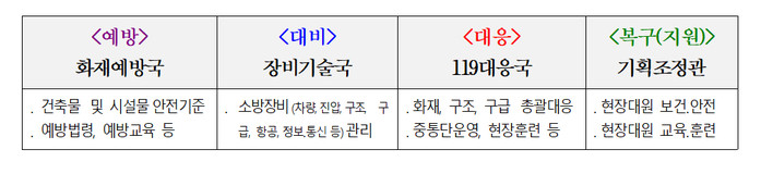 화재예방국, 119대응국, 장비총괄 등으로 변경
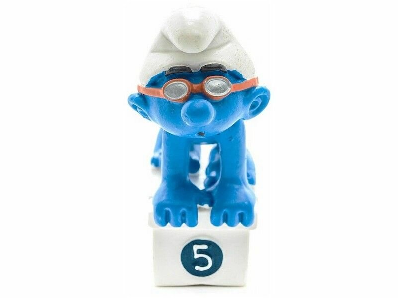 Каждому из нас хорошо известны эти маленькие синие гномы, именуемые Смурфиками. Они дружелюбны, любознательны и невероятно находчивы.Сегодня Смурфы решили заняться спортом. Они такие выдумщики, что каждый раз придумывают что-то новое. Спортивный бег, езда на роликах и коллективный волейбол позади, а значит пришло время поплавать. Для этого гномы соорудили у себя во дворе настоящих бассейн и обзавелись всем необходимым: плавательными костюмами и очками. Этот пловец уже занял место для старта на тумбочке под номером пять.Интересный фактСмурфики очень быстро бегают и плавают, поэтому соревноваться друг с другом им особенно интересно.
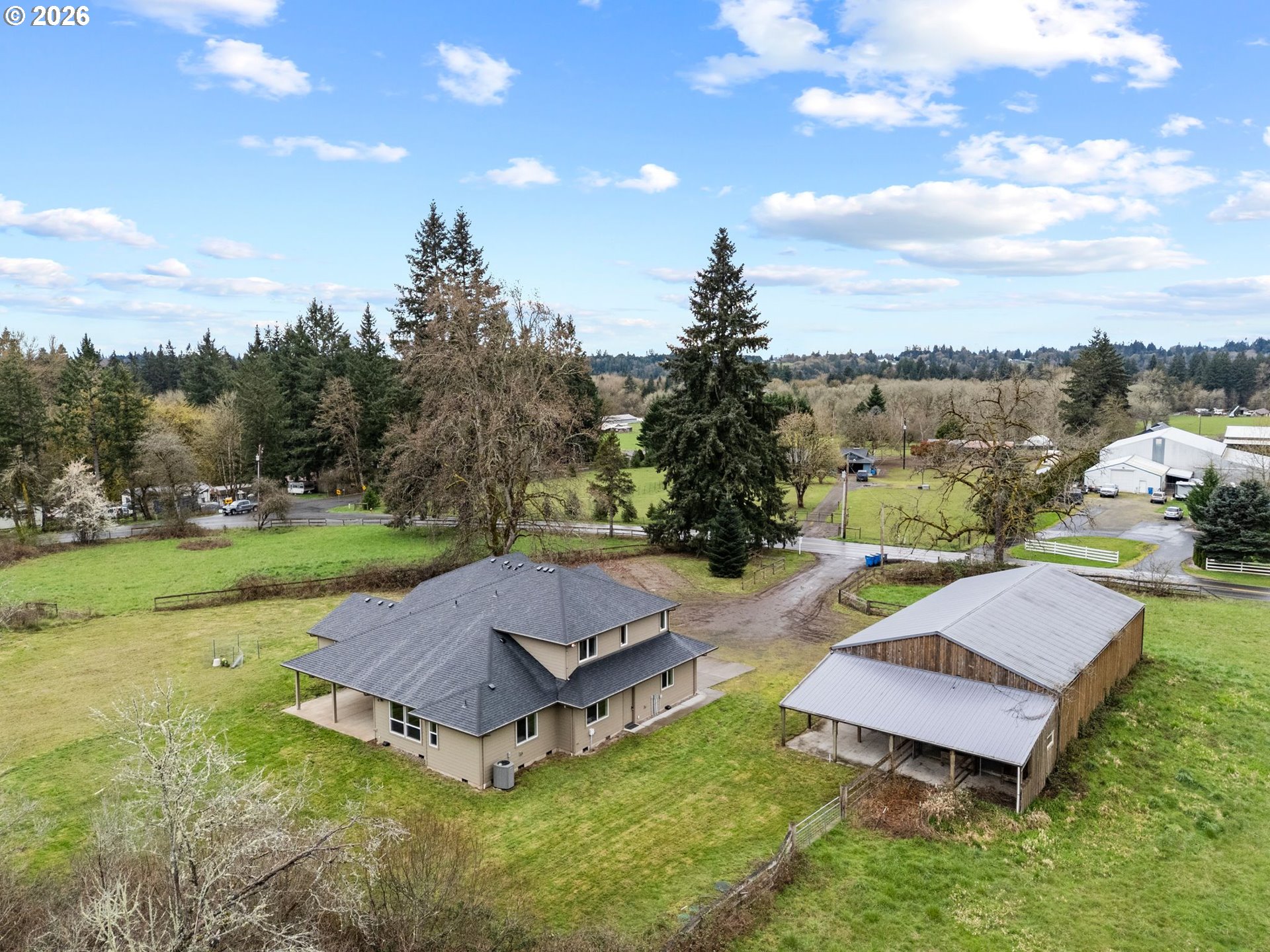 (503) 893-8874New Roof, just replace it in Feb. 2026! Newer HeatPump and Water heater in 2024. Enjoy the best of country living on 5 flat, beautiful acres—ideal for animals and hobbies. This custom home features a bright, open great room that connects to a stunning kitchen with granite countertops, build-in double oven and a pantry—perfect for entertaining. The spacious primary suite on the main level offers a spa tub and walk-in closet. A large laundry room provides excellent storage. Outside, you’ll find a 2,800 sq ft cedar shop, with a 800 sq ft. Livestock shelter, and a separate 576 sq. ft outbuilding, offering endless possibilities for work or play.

□ □ □ □ □

**WHAT YOU WILL DO**
Could you copy each line above exactly as written, minus any pictures?

**WORKED SOLUTION**
 화재예방국, 119대응국, 장비총괄 등으로 변경
 Каждому из нас хорошо известны эти маленькие синие гномы, именуемые Смурфиками. Они дружелюбны, любознательны и невероятно находчивы.Сегодня Смурфы решили заняться спортом. Они такие выдумщики, что каждый раз придумывают что-то новое. Спортивный бег, езда на роликах и коллективный волейбол позади, а значит пришло время поплавать. Для этого гномы соорудили у себя во дворе настоящих бассейн и обзавелись всем необходимым: плавательными костюмами и очками. Этот пловец уже занял место для старта на тумбочке под номером пять.Интересный фактСмурфики очень быстро бегают и плавают, поэтому соревноваться друг с другом им особенно интересно.
 (503) 893-8874New Roof, just replace it in Feb. 2026! Newer HeatPump and Water heater in 2024. Enjoy the best of country living on 5 flat, beautiful acres—ideal for animals and hobbies. This custom home features a bright, open great room that connects to a stunning kitchen with granite countertops, build-in double oven and a pantry—perfect for entertaining. The spacious primary suite on the main level offers a spa tub and walk-in closet. A large laundry room provides excellent storage. Outside, you’ll find a 2,800 sq ft cedar shop, with a 800 sq ft. Livestock shelter, and a separate 576 sq. ft outbuilding, offering endless possibilities for work or play.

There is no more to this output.